■ **Task details**
Pictures excluded, reproduce exactly the lines below from the one with "Emelet helyiségei : 3" through the one with "大力发展清洁低碳、安全高效的", both included.

■ **Input data**
══════════

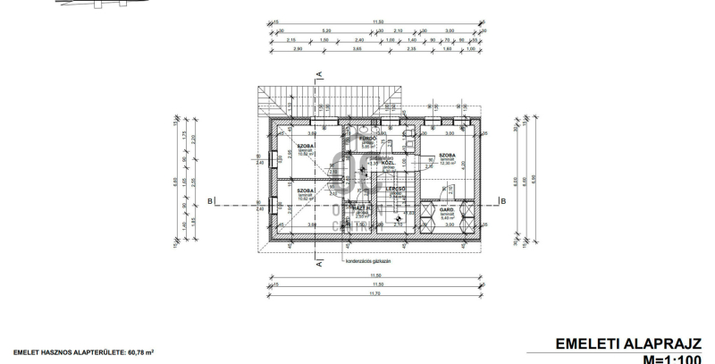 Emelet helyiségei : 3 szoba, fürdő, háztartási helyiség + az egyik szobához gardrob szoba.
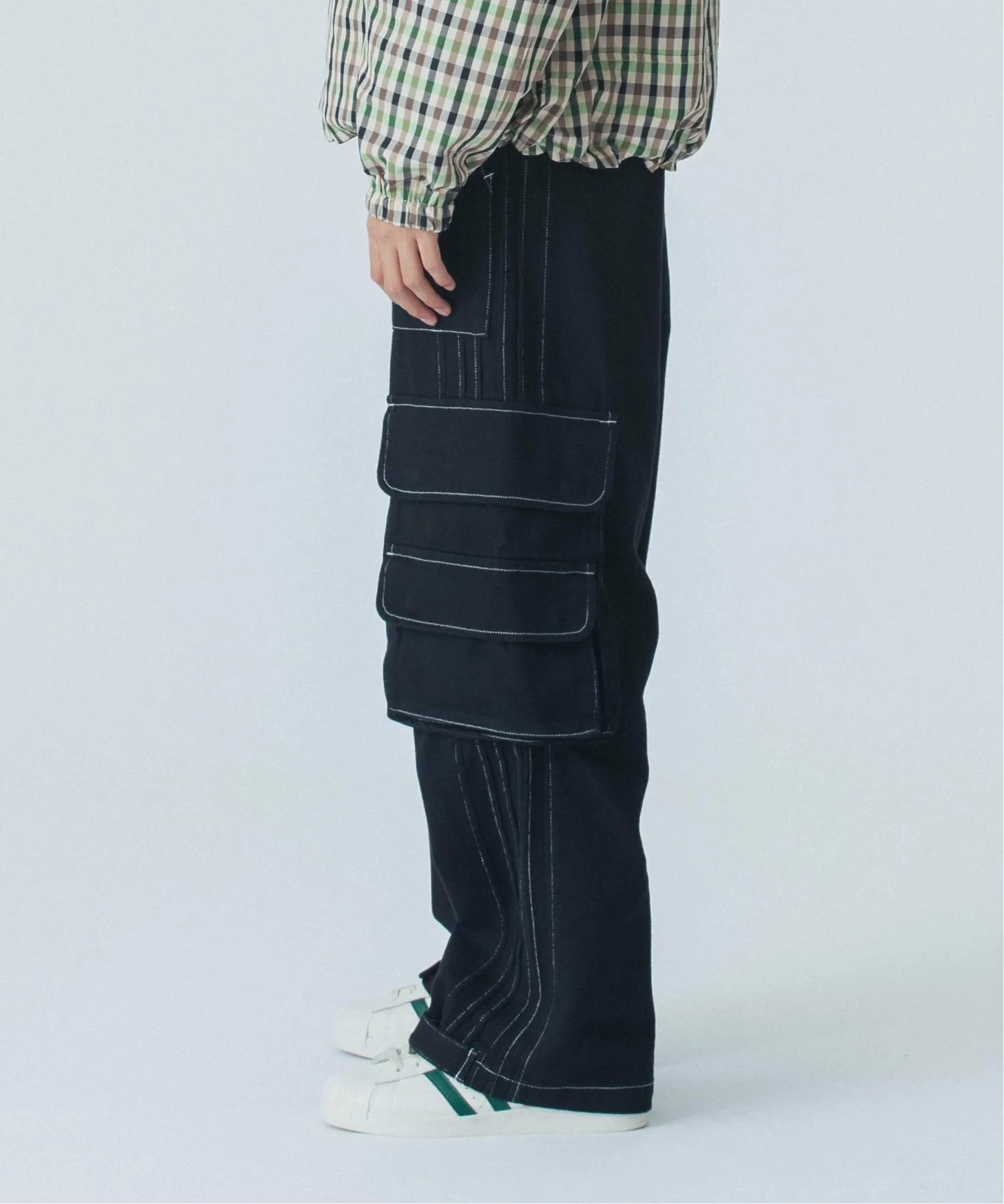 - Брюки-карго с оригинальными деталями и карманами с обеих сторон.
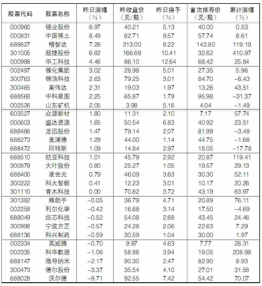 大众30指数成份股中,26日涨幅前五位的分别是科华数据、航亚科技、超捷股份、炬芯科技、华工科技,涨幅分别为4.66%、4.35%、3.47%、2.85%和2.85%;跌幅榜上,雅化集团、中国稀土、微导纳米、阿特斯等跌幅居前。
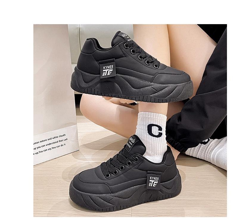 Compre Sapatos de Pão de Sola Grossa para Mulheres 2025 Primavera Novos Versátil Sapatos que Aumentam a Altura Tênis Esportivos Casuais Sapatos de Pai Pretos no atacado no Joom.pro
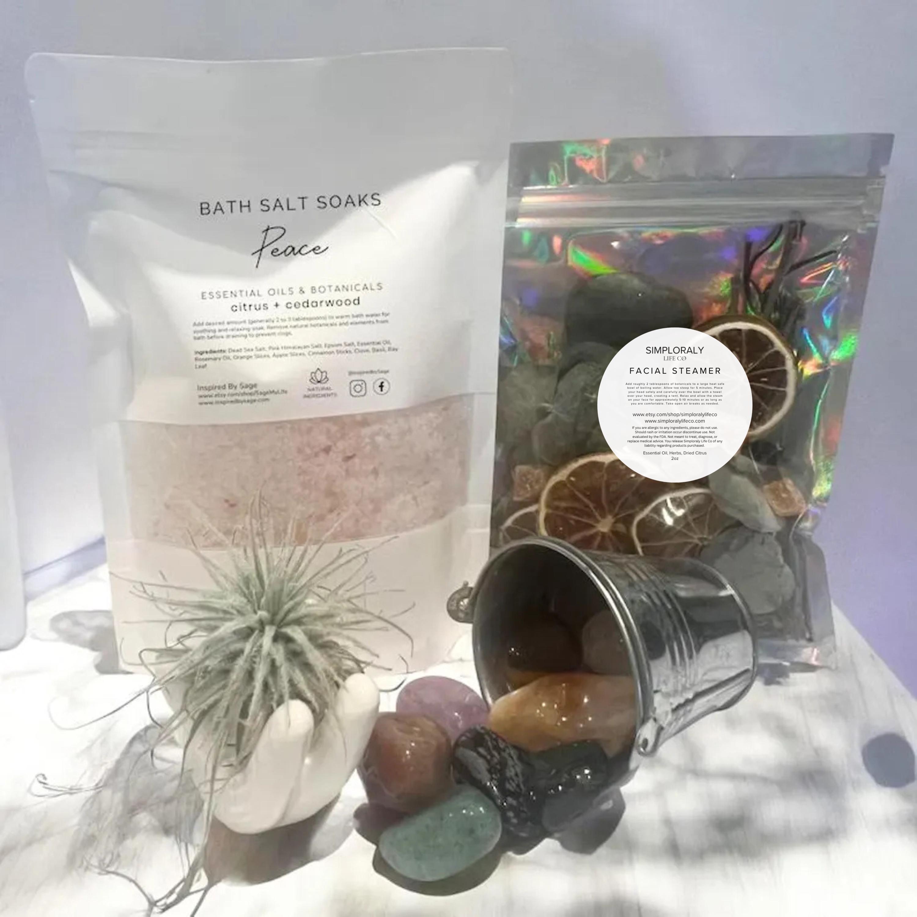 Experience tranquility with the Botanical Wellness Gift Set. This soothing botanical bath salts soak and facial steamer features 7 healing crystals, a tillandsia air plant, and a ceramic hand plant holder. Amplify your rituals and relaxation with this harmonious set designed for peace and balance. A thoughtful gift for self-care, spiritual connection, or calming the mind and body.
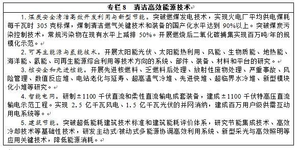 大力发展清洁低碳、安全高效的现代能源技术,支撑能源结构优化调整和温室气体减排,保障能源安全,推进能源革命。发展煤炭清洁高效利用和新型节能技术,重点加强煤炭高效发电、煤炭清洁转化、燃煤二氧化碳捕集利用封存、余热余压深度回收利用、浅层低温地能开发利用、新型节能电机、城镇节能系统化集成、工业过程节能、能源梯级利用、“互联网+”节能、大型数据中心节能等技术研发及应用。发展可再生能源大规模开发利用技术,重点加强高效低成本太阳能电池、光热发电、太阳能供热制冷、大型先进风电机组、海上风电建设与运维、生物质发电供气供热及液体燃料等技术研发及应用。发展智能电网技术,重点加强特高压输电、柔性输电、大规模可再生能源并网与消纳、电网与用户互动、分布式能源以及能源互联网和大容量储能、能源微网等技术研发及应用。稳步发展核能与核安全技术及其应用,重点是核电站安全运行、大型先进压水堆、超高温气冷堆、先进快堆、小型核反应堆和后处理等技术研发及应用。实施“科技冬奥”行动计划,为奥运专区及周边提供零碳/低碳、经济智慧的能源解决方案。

══════════

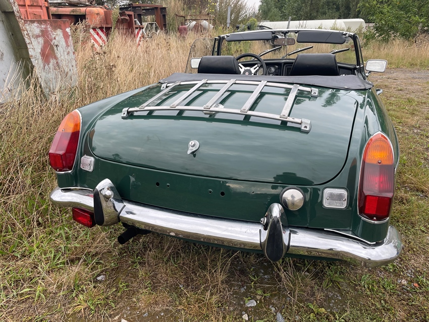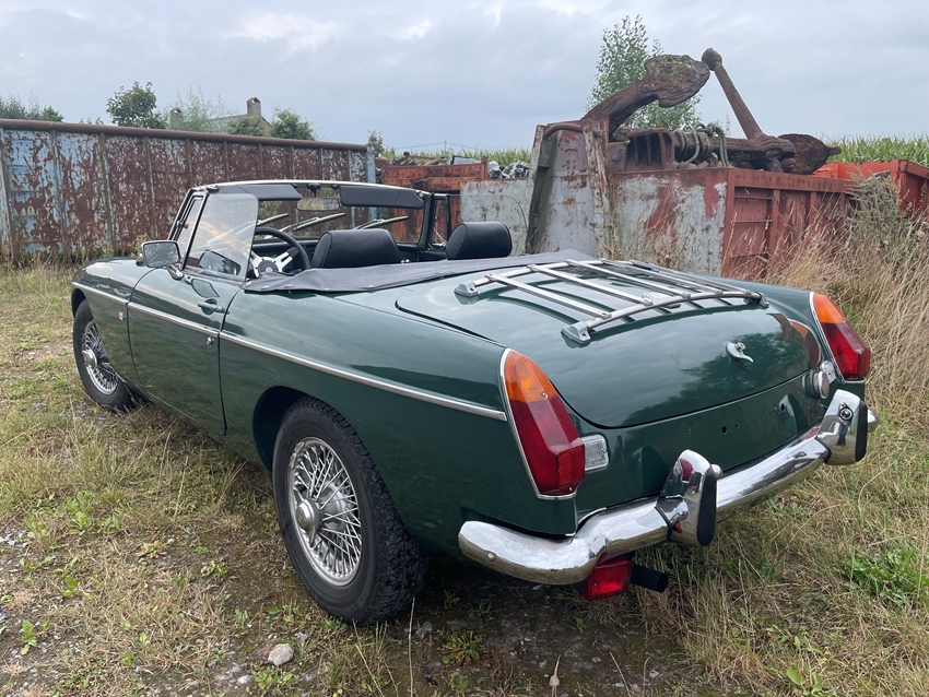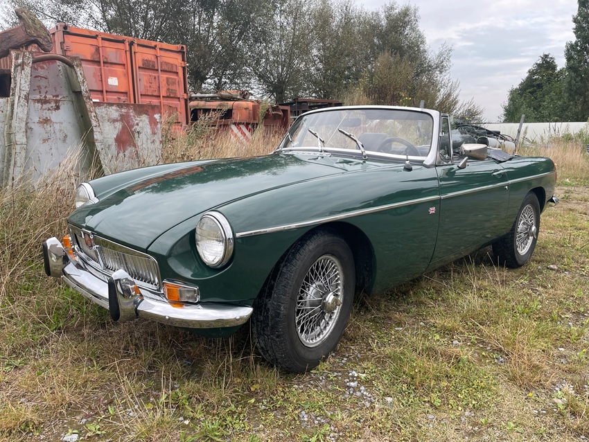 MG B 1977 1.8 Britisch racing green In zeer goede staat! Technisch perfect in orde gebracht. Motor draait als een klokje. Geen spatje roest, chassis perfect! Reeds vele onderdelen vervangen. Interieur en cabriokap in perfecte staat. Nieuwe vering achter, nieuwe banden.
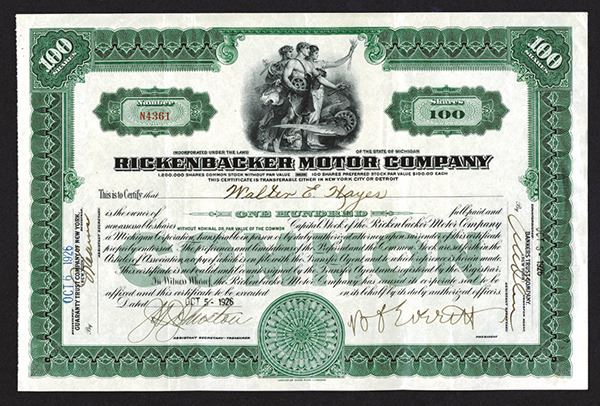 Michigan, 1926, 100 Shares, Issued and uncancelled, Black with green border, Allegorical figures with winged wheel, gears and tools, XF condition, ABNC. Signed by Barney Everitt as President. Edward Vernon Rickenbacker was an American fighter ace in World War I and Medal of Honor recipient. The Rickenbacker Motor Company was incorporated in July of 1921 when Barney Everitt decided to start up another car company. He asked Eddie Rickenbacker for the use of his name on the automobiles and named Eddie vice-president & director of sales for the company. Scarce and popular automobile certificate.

══════════

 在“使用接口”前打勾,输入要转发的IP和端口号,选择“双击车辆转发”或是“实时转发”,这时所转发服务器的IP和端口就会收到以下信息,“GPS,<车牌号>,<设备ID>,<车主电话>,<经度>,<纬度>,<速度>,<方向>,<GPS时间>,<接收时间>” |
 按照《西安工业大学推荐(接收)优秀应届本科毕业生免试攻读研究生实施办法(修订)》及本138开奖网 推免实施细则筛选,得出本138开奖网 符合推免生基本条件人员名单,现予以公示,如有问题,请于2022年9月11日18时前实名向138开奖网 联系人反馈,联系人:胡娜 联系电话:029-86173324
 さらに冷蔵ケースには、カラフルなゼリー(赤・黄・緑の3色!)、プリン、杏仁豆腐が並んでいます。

══════════

■ **Your response**
 Emelet helyiségei : 3 szoba, fürdő, háztartási helyiség + az egyik szobához gardrob szoba.
 - Брюки-карго с оригинальными деталями и карманами с обеих сторон.
 大众30指数成份股中,26日涨幅前五位的分别是科华数据、航亚科技、超捷股份、炬芯科技、华工科技,涨幅分别为4.66%、4.35%、3.47%、2.85%和2.85%;跌幅榜上,雅化集团、中国稀土、微导纳米、阿特斯等跌幅居前。
 Compre Sapatos de Pão de Sola Grossa para Mulheres 2025 Primavera Novos Versátil Sapatos que Aumentam a Altura Tênis Esportivos Casuais Sapatos de Pai Pretos no atacado no Joom.pro
 Experience tranquility with the Botanical Wellness Gift Set. This soothing botanical bath salts soak and facial steamer features 7 healing crystals, a tillandsia air plant, and a ceramic hand plant holder. Amplify your rituals and relaxation with this harmonious set designed for peace and balance. A thoughtful gift for self-care, spiritual connection, or calming the mind and body.
 大力发展清洁低碳、安全高效的现代能源技术,支撑能源结构优化调整和温室气体减排,保障能源安全,推进能源革命。发展煤炭清洁高效利用和新型节能技术,重点加强煤炭高效发电、煤炭清洁转化、燃煤二氧化碳捕集利用封存、余热余压深度回收利用、浅层低温地能开发利用、新型节能电机、城镇节能系统化集成、工业过程节能、能源梯级利用、“互联网+”节能、大型数据中心节能等技术研发及应用。发展可再生能源大规模开发利用技术,重点加强高效低成本太阳能电池、光热发电、太阳能供热制冷、大型先进风电机组、海上风电建设与运维、生物质发电供气供热及液体燃料等技术研发及应用。发展智能电网技术,重点加强特高压输电、柔性输电、大规模可再生能源并网与消纳、电网与用户互动、分布式能源以及能源互联网和大容量储能、能源微网等技术研发及应用。稳步发展核能与核安全技术及其应用,重点是核电站安全运行、大型先进压水堆、超高温气冷堆、先进快堆、小型核反应堆和后处理等技术研发及应用。实施“科技冬奥”行动计划,为奥运专区及周边提供零碳/低碳、经济智慧的能源解决方案。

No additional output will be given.